With such improvisations I managed our journey.

As the weather warmed, the Prince's attitude mellowed. Perhaps he was growing reconciled to his catastrophe, or possibly, in the prison of his lightless skull, he was teaching himself new tactics for meeting his changed existence. He talked almost idly of himself, his downfall, his humiliation. He spoke of the power that had been his in terms that said ummistakably that he had no illusions about ever recapturing it. He talked of his wealth, his women, his jewels, his strange machines, his Changelings and Musicians and Servitors, the Masters and even fellow Dominators who had knelt to him. I will not say that at any time I liked him, but at least at these times I recognized a suffering human being behind his impassive mask.

He even recognized in me a human being. I know it cost him much.

He said, "The trouble with power, Watcher, is that it cuts you off from people. People become things. Take yourself. To me, you were nothing but a machine that walked around Watching for invaders. I suppose you had dreams, ambitions, angers, all the rest, but I saw you as a dried-up old man without any independent existence outside of your guild function. Now I see much more by seeing nothing/'

"What do you see?"

"You were young once, Watcher. You had a town you loved. A family. A girl, even. You chose, or had chosen for you, a guild, you went into apprenticeship, you struggled, your head ached you, your belly griped you, there were many dark moments when you wondered what it was all about, what it was for. And you saw us ride by, Masters, Dominators, and it was like comets going past. Yet here we are together, cast up by the tides on the road to Perris. And which of us is happier now?"

"I am beyond happiness or sorrow," I said.

"Is that the truth? Is that the truth? Or is it a line you hide behind? Tell me, Watcher: I know your guild forbids you to marry, but have you ever loved?"

"Sometimes."

"And are you beyond that now?"

"I am old," I said evasively.

"But you could love. You could love. You're released from your guild vows now, eh? You could take a bride."

I laughed. "Who'd have me?"

"Don't speak that way. You re not that old. You have strengths. You've seen the world, you understand it. Why, in Perris you could find yourself some wench who—" He paused. "Were you ever tempted, while you still were under your vows?"

Just then a Flier passed overhead. She was a woman of middle years, struggling a little in the sky, for some daylight remained to press on her wings. I felt a pang, and I wanted to tell the Prince: yes, yes, I was tempted, there was a little Flier not long ago, a girl, a child, Avluela; and in my way I loved her, though I never touched her; and I love her still.

I said nothing to Prince Enric.

I looked, though, at that Flier, freer than I because she had wings, and in the warmth of that spring evening I felt the chill of desolation enfolding me.

"Is it far to Perris?" the Prince asked.

"We will walk, and one day we will get there."

"And then?"

"For me an apprenticeship in the guild of Rememberers, and a new life. For you?"
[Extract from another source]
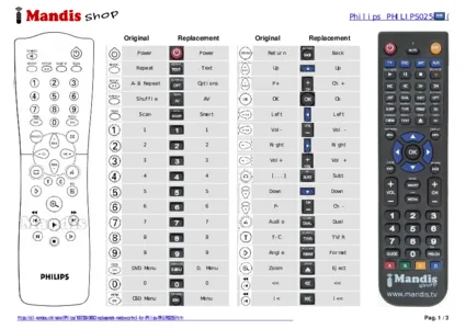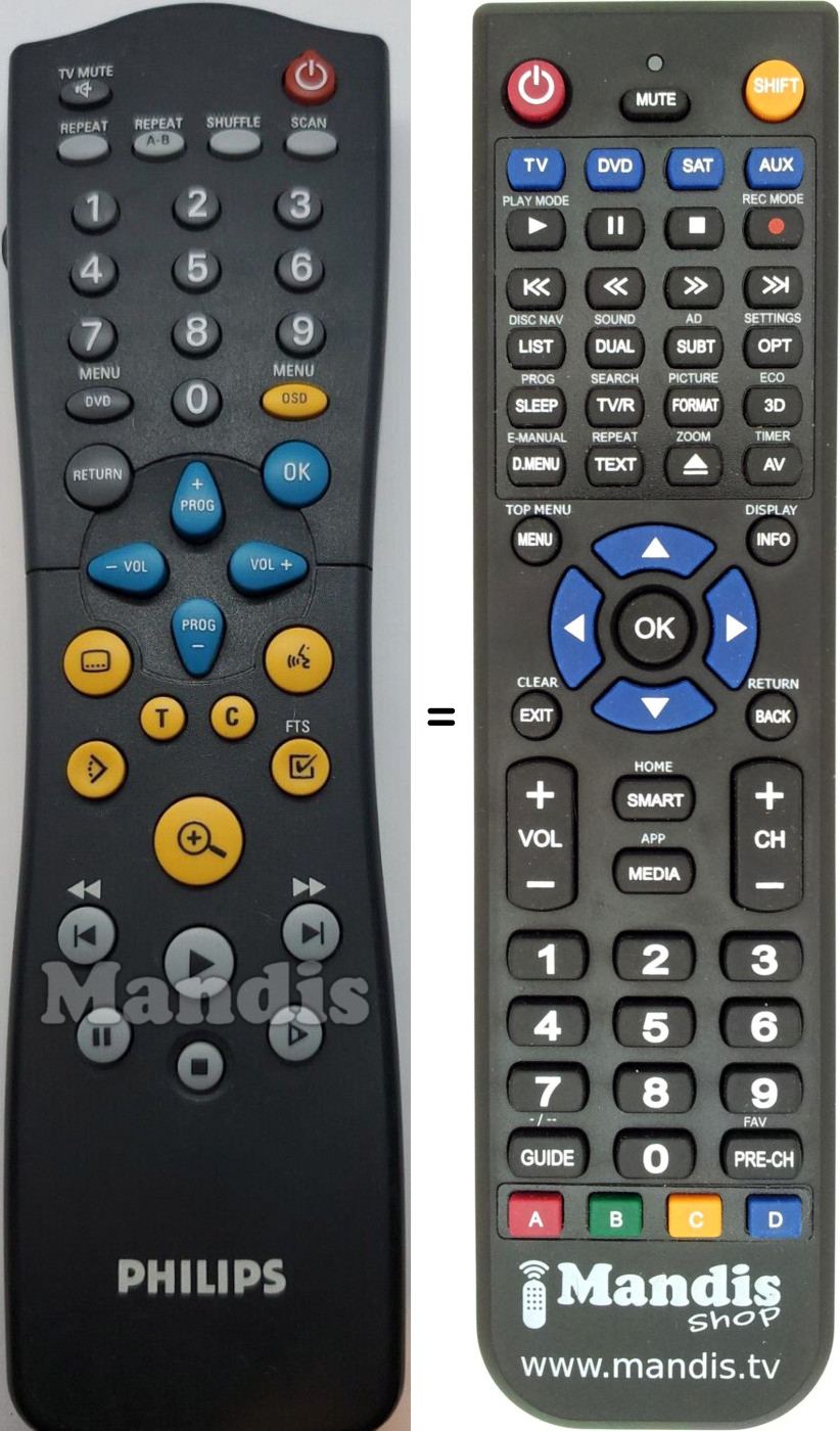 Below, we will show you the correspondence between each button on the original remote control and the button that performs the same function on the replacement remote control. In some cases, you may need to press the SHIFT key before pressing another button to perform certain actions. These additional functions are often not widely used and are included to facilitate understanding of the replacement remote control, or because the original remote control has more buttons than its equivalent.

"I hope to find friends there," he said.

We walked on, long hours each day. There were those who went by and offered us rides, but we refused, for at the checkpoints the invaders would be seeking such wandering members of the nobility as the Prince. We walked a tunnel miles long under sky-storming mountains sheathed in ice, and we entered a flat land of farming peasants, and we paused by awakening rivers to cool our toes. Golden summer burst upon us. We moved through the world but were not of it; we listened to no news of the conquest, although it was obvious that the invaders had

taken full possession. In small vehicles they hovered everywhere, seeing our world that now was theirs.

I did the bidding of the Prince in all ways, including the unpleasant ones. I attempted to make his life less bleak. I gave him a sensation of being still a ruler—albeit of only one useless old Watcher. I taught him, too, how best to masquerade as a Pilgrim. From what little I knew I gave him postures, phrases, prayers. It was obvious that he had spent little time in contact with the Will while he reigned. Now he professed faith, but it was insincere, part of his camouflage.

In a town called Dijon, he said, "Here I will purchase eyes."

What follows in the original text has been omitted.